● **Problem**
Exact copies of the records below are needed, free of pictures.

Items from a data source
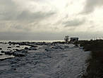 Снежный покров сопровождал меня до самой кромки моря, где преобладающим фоном становился зеленый цвет морской волны, оттеняемы голубым небосводом. Сесть тут и насладиться застывшим участком времени представляется самой лучшей идеей.
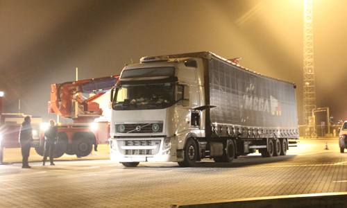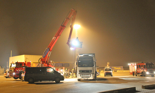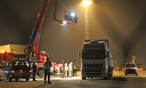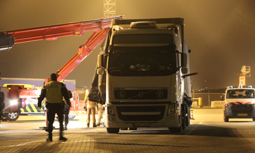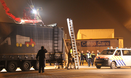 Hoek van Holland – De Koninklijke Marechaussee is donderdagavond in samenwerking met de politie en brandweer een zoektocht in een vrachtwagen gestart na het aantreffen van een vluchteling. Rond kwart voor negen werd de vluchteling aangetroffen in een Slowaakse vrachtwagencombinatie die bij de check-in voor de StenaLine richting Engeland stond. Omdat vermoed werd dat er meerdere vluchtelingen zich in de combinatie konden bevinden is de hulp ingeschakeld van de Hoekse en Maassluise brandweer. Vanuit een hoogwerker is met een speurhond van de Marechaussee gekeken of er nog meerdere mensen in de aanhanger waren. Dit bleek niet het geval. De vrachtwagenchauffeur is meegenomen door de politie. Ook de vluchteling is aangehouden.
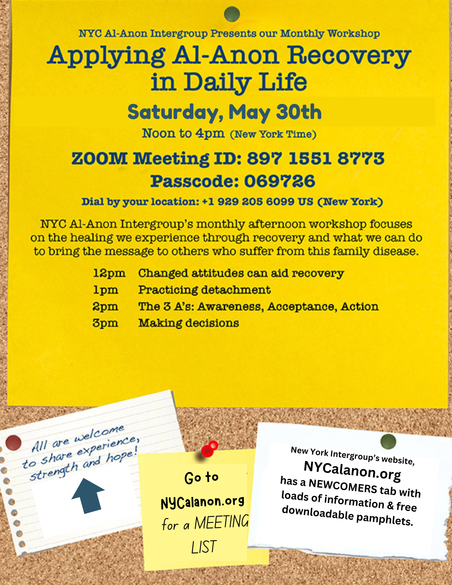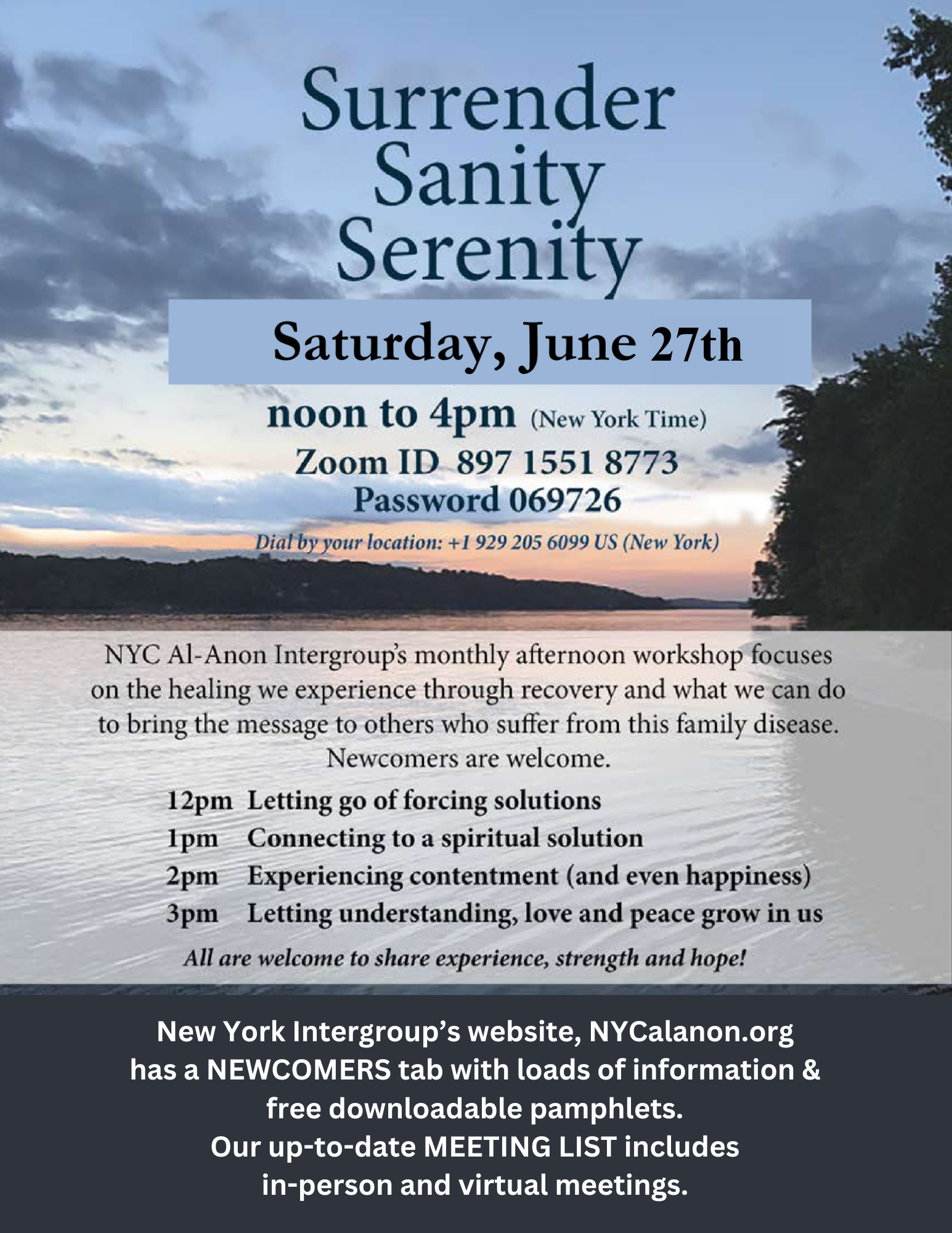 Hosted By: New York South Area NYC Intergroup presents 4 back-to-back Speaker meetings with timed shares Zoom ID:897 1551 8773 Passcode:069726
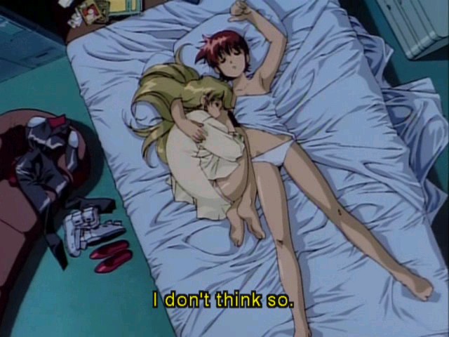 Non, tout ça n'a pas grand intérêt, alors pourquoi aller mater Plastic Little ? Et bien, les connaisseurs auront reconnu le trait innimitable de Satoshi Urushihara qui a comme réputation de dessiner les plus beaux seins du monde du manga. Alors il sait les dessiner, et il en profite. On voit par moment une poitrine apparaître à l'écran (bon, surtout dans la fameuse scène du début où les deux filles s'amusent gaiement dans les toboggans et le bain. 5 minutes de filles toutes nues, voilà que je vais me faire une réputation de pervers).
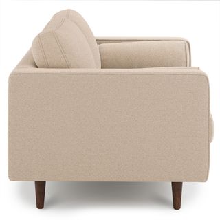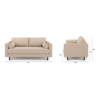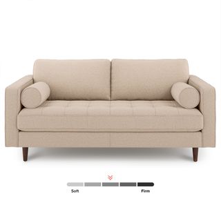 Our most popular sofa, reimagined for apartment living. This modern take on a mid-century classic features clean lines, a tufted benchseat, and luxuriously stuffed back cushions. Two matching round bolsters complete the look.

● **Output for this exercise**
 Снежный покров сопровождал меня до самой кромки моря, где преобладающим фоном становился зеленый цвет морской волны, оттеняемы голубым небосводом. Сесть тут и насладиться застывшим участком времени представляется самой лучшей идеей.
 Hoek van Holland – De Koninklijke Marechaussee is donderdagavond in samenwerking met de politie en brandweer een zoektocht in een vrachtwagen gestart na het aantreffen van een vluchteling. Rond kwart voor negen werd de vluchteling aangetroffen in een Slowaakse vrachtwagencombinatie die bij de check-in voor de StenaLine richting Engeland stond. Omdat vermoed werd dat er meerdere vluchtelingen zich in de combinatie konden bevinden is de hulp ingeschakeld van de Hoekse en Maassluise brandweer. Vanuit een hoogwerker is met een speurhond van de Marechaussee gekeken of er nog meerdere mensen in de aanhanger waren. Dit bleek niet het geval. De vrachtwagenchauffeur is meegenomen door de politie. Ook de vluchteling is aangehouden.
 Hosted By: New York South Area NYC Intergroup presents 4 back-to-back Speaker meetings with timed shares Zoom ID:897 1551 8773 Passcode:069726
 Non, tout ça n'a pas grand intérêt, alors pourquoi aller mater Plastic Little ? Et bien, les connaisseurs auront reconnu le trait innimitable de Satoshi Urushihara qui a comme réputation de dessiner les plus beaux seins du monde du manga. Alors il sait les dessiner, et il en profite. On voit par moment une poitrine apparaître à l'écran (bon, surtout dans la fameuse scène du début où les deux filles s'amusent gaiement dans les toboggans et le bain. 5 minutes de filles toutes nues, voilà que je vais me faire une réputation de pervers).
 Our most popular sofa, reimagined for apartment living. This modern take on a mid-century classic features clean lines, a tufted benchseat, and luxuriously stuffed back cushions. Two matching round bolsters complete the look.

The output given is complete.